Monday, May 28, 2012

Memorial Day: A Salute to Troops

Today we reflect on the meanings of Memorial Day.  Not much RP advice, more life advice.

I am the grandson of a veteran.  Many of my family members have taken up the call to arms, and during the time we have been able to call ourselves Americans I have had family members in most of our conflicts.  As a historian and as one who has witnessed the sacrifices of war first and second-hand, I feel a bit of reflection is in order.

Today I decided to quote a passage I find particularly compelling from an address made by Senator Joseph B. Foraker (R - Ohio, 1897-1909), on Memorial Day May 30th 1905.  Though over a century has passed and the full address covers ruminations on the Spanish-American and Civil War, the below passage has always made me think of all men who have served.  I hope to hear from you your personal reflections on service if you wish to include them.  No sign-off... I will let the words speak for themselves.




THE UNION SOLDIERS

The men of other wars showed bravery, heroism and capacity for great deeds, and all added glory to our flag, honor to our name and renown to our arms, but no men since our independence was established have done so much for the American people as the men of the Union Army. They were mere boys, most of them yet in their teens, and all of the more than two millions who were enlisted, except less than 50,000, were under twenty-five years of age. But, measured by their work and its far-reaching consequences, they belong among the truly great men of history.

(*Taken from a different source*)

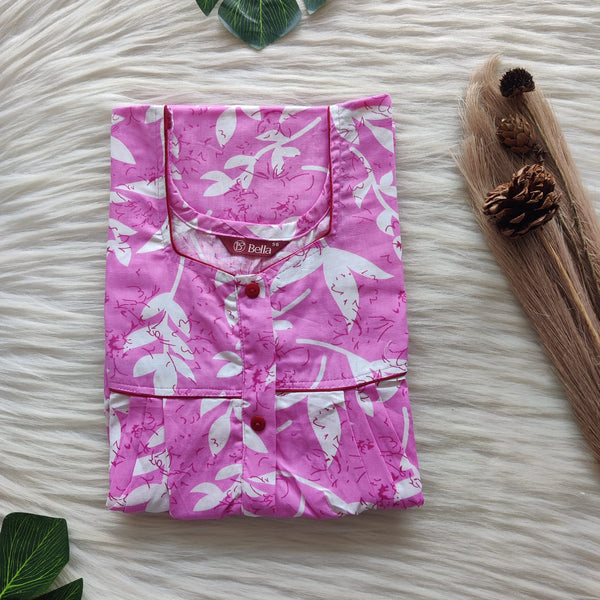 White Leaf Printed Pink Premium Cotton Button Zip Nighty | Free Size | Chest Width 44″| Length 55″-56″

Through good report and bad, victory and defeat, summer and winter, sunshine and storm, they unflinchingly and uncomplainingly met every requirement of the great task that fell upon them. No hardship was too severe for them to undergo, no loss was too heavy for them to bear, no sacrifice to comfort, or blood, or life was too great for them to make. They laid all unsparingly upon their country's altar, and behold the result--this mighty Nation, so full of honour and so full of promise. Only the shortcomings of ourselves, or of those who are to come after us can bring their work to naught. Our presence here to-day is our pledge that it shall not fail through fault of ours, for we have come, not only to strew flowers on their graves, recount their deeds, extol their virtues, and pay tribute to their memory, but also that we may study the lessons they taught, and by these sacred and beautiful ceremonies consecrate ourselves anew to the great duty of perpetuating what they preserved. May God give us wisdom and courage to do our duty as well as they did theirs. If so, the Union they saved and the institutions they perfected will endure for long ages to come, and with passing years bear ever-increasing blessings to humanity.